This example, through numpy analysis of stock price CSV file reading and writing
CSV (comma-separated value, comma separated values) is a common file format, usually the database is the file is a CSV format, each field in the file corresponds to the columns in the database table.
Here is a file in CSV format, this article is an example of this file data.
Data structure as follows diagram
Each data corresponds to the first listed stock code to identify the stock (the Apple stock Code is AAPL), the second column is in the DD-MM-YYYY format, and the third column is empty, followed by the opening price, the highest, the lowest and the closing price, and the last is the volume of the day.
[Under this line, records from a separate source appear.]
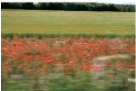
6月はまだ花々が美しい季節～何の花でしょう？

性に近づき、首からぶら下げた箱にコインを入れてもらったのだ。なるほど、これは彼の日課なのかもしれない。列に並んでいる人もコインを入れてあげていて、そこら辺が日本とちよつと違うかも。 イギリスの道路の交差点は日本と違って、直角に交差しておらず、ロータリーみたいになっていて右回りに走りながら1つ目の文岐路へ入ると左折、2つ目が直進、3つ目が右折ってという具合になっている。目的方向へ入れなかつたらそのまま周回して再トライすればいい。異国の見知らぬ道で迷子になると、カーナビをつけてもらっていて、「Turn to the second road」とか言ってくれるから、最初ドギマギしたけれど、1つ目、2つ目と数えて何とか無事にユホッ。都市部の繁華街には普通の交差点もあるけれど、この英国方式は信号もなく、ノンストップで曲がって行けるからものすごく合理的なのではないかしらね？ドライバーのマナーも良かった！ 慣れない道を慣れない車で走るのは疲れるので、1時間程走っては、サービスエリアに寄ったのだけれど、英国滞在中、日本でのスタバ同様にお世話になったCOSTAとM&S（スーパー）が両方ある所に寄るのが定番になった。手軽にサラダやヨーグルトなどのランチや水を買えるから便利。他に子供用の遊技場や展望台もある所など、ちよつとずつ違っていて、なかなか飽きなくて良かった。 さて、予定より2時間遅れの出発となったこの日は、まずはコッツウォルズ地方の村巡り。スタート時点では少々曇っていたけれど、段々晴れてきて良かった！（次号へ）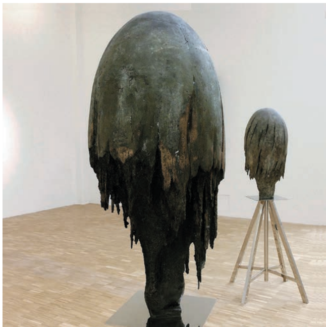
Medusa (B) , 2015 (in primo piano) e Medusa (A) , 2015. Veduta dell'installazione, Triennale di Milano, 2015.

titolo richiama un saggio sul cinema scritto dal regista russo Andrej Tarkovskij (1932-1986).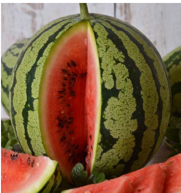
621040 Moro F1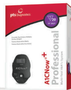
A1CNow®+ system (20-count test kit) 3021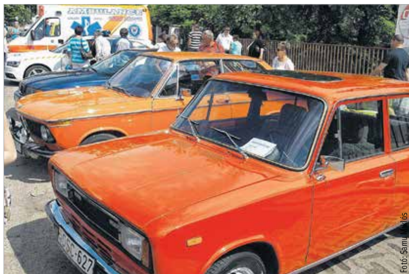
Az autós road show egyik veterán autója: a régi Seat nem véletlenül hasonlít kísértetiesen a Zsigulira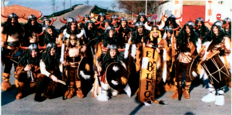
Peña "El Bufón"

Un año más la Peña "El Bufón" se encargará de que los más pequeños lo pasen fenomenal.

We can read and write through the NumPy LoadText () and Savetext () functions.
# reading data from File
# ' data.csv ': filename
# delimiter: Separator
# usecols: Column subscript # Unpack of data taken:
return array
c,v = Np.loadtxt (' Data.csv ', delimiter= ', ', usecols= (6,7), unpack=true)
# Read the closing price and volume data
Write
x = y = z = Np.arange (0.0,5.0,1.0)
np.savetxt (' Test.csv ', X, delimiter= ', ') # x Array
np.savetxt (' Test.csv ', (x, Y,z)) # x,y,z is a one-dimensional array
np.savetxt (' Test.csv ', X, fmt= '%1.4e ') # using exponential notation
Volume weighted Average price
Read volume data and closing price data first
C,v = Np.loadtxt (' data.csv ', delimiter= ', ', usecols= (6,7), unpack=true)
# Calculates the average price of the volume
Vwap = Np.average (c, WEIGHTS=V)
V_mean = Np.average (c)
print (' arithmetic average: {}, Weighted average: {} '. Format (V_mean, vwap))
' Arithmetic average: 351.0376666666667, weighted average: 350.5895493532009 ' '
# time Weighted average price
t = Np.arange (len (c))
Twap = Np.average (c, weights=t)
print (' time weighted average: {} '. Format (twap) ')
' time Weighted average: 352.4283218390804 '
maximum value and minimum value
Find the highest price and lowest price
# read the highest and lowest price
h,l = np.loadtxt (' data.csv ', delimiter= ', ', usecols= (4,5), unpack=true)
# Maximum value in the highest price
H.max () # 364.9
# Minimum value
l.min () # 333.53
# Interval difference: NP.PTP ()
H_PTP = NP.PTP (h) L_PTP
= NP.PTP (l)
print (' The difference for the highest price is: {:. 2f} '. Format (H_PTP))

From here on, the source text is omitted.